**Work order:** The result should be the lines from the one holding "濃いピンクと細いグリーン、生成り色の線の縞です。" to the end of the records below, repeated exactly. No pictures.

**Data:**
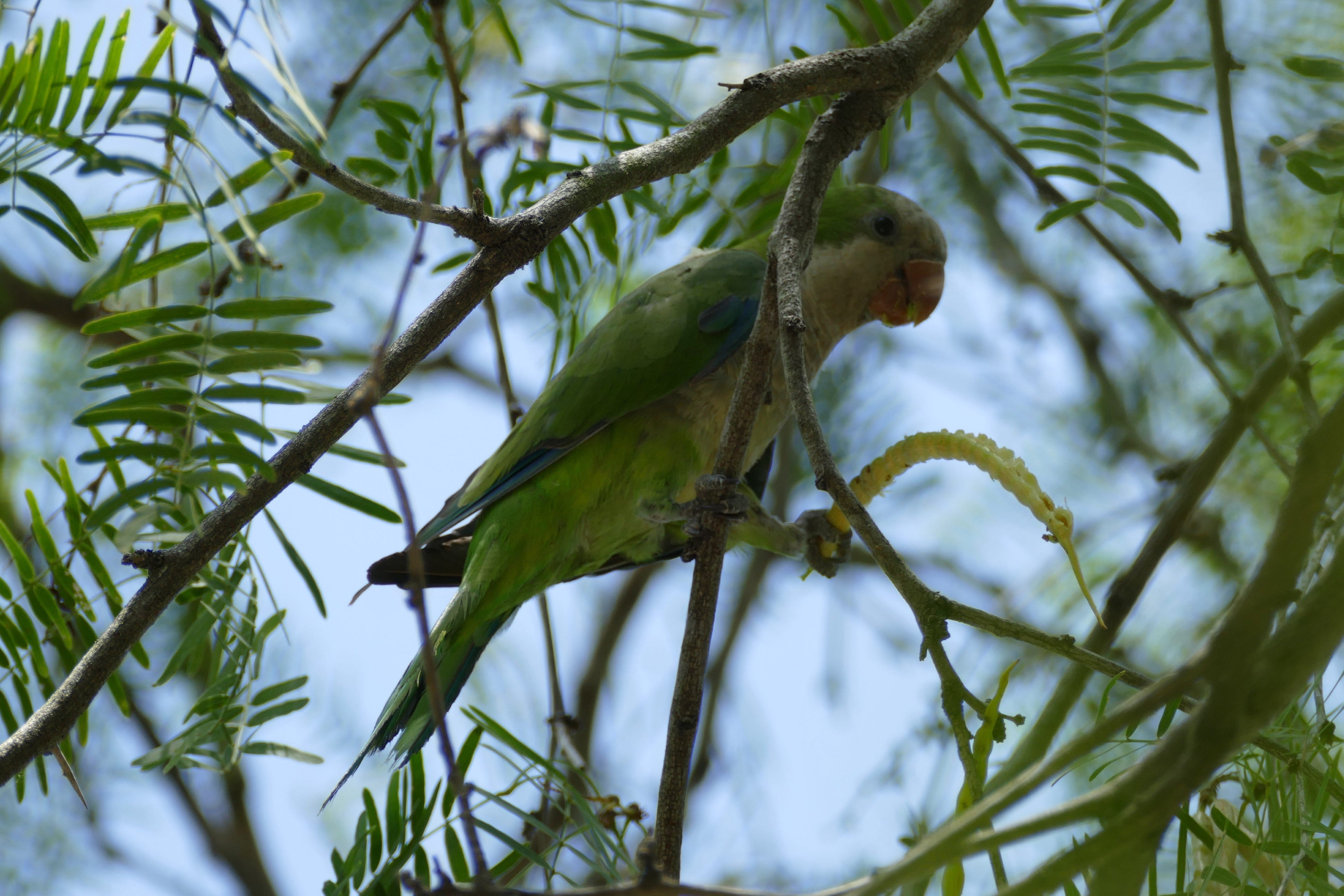 The monk parakeets are an invasive species, but they are a peculiarly charismatic one, and I love this season when the old mesquite brings them for a monthlong picnic above my head. Sometimes I find an empty peanut shell in the yard or on the street that has been left by one of them, and I wonder if they live at some circus where those come from. They announce themselves loudly whenever they are headed your way. They can get away with it, having found a place where none of their hometown predators exist.
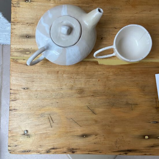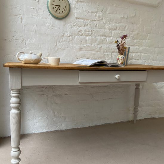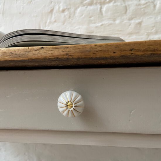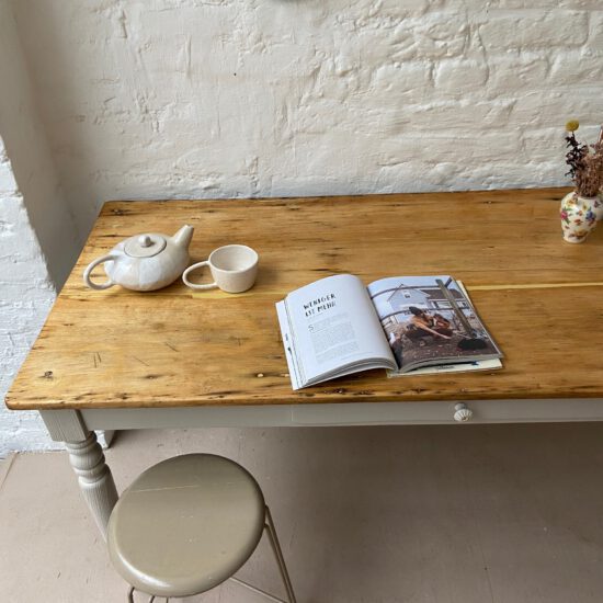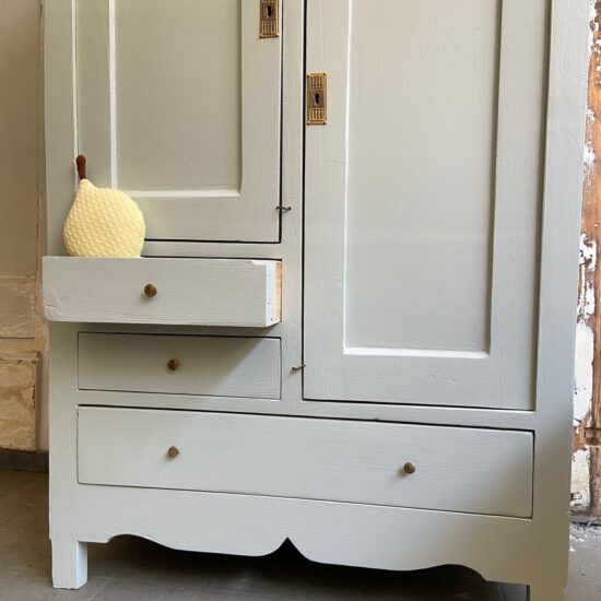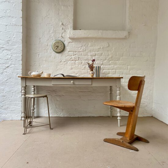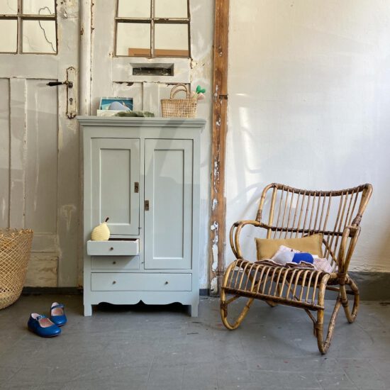Wir haben Joan restauriert, grundiert und zwei Mal lackiert. Die Farbe ist ein schönes blaugrau von Farrow and Ball.
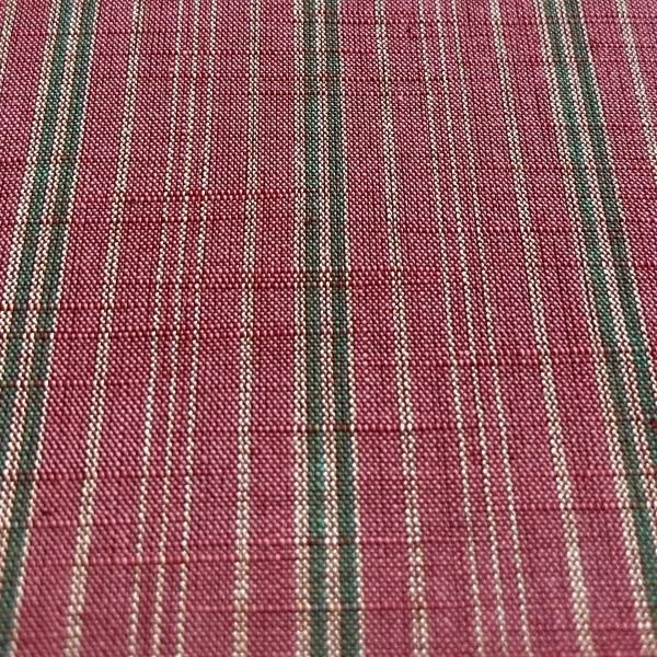 濃いピンクと細いグリーン、生成り色の線の縞です。
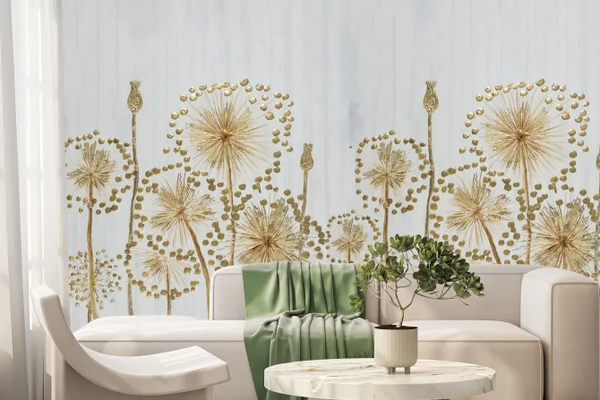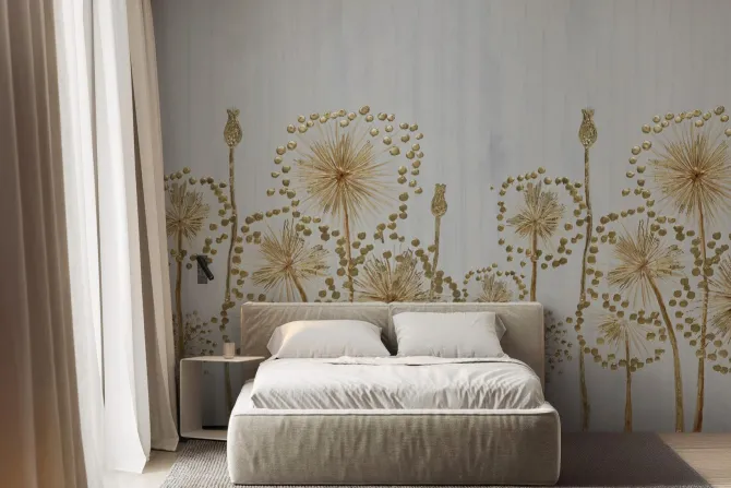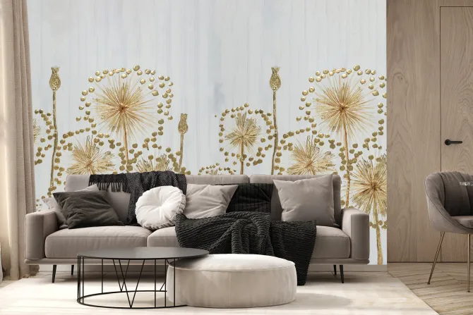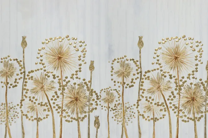 Złote malowane kwiaty na szarym tle.
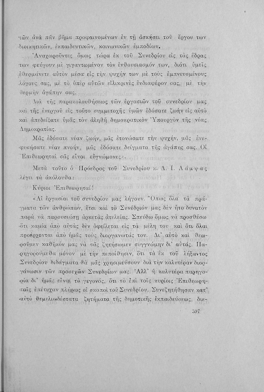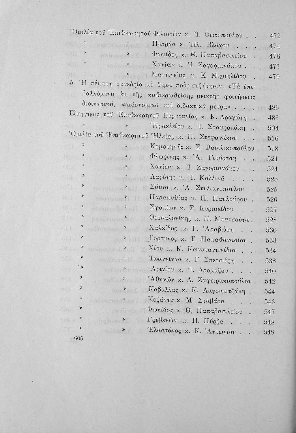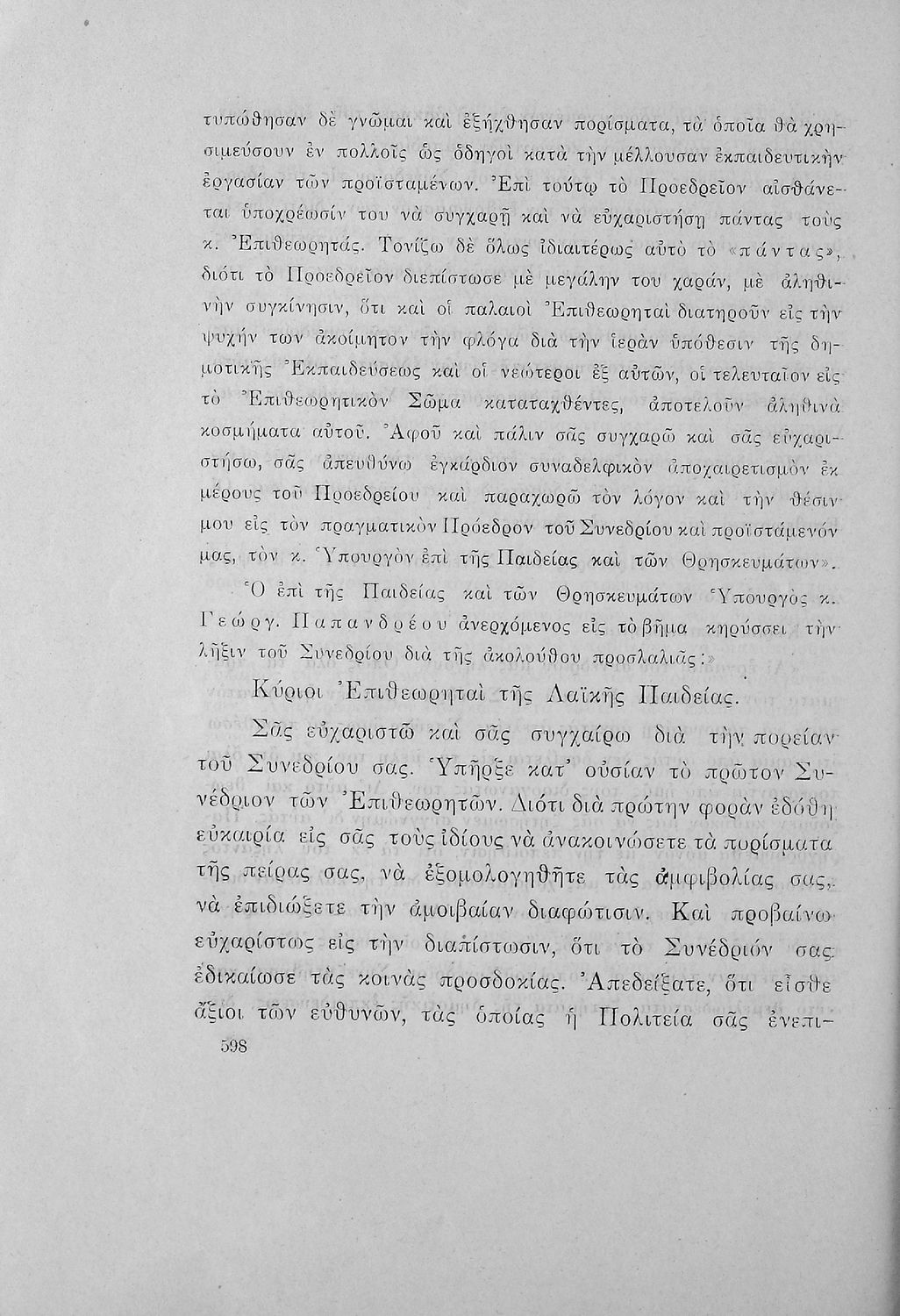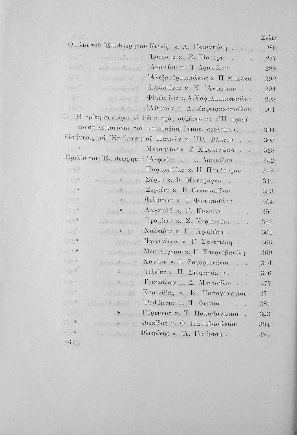 Περιέχει τα πρακτικά του συνεδρίου των επιθεωρητών Δημοτικής Εκπαιδεύσεως.

**Output below:**
 濃いピンクと細いグリーン、生成り色の線の縞です。
 Złote malowane kwiaty na szarym tle.
 Περιέχει τα πρακτικά του συνεδρίου των επιθεωρητών Δημοτικής Εκπαιδεύσεως.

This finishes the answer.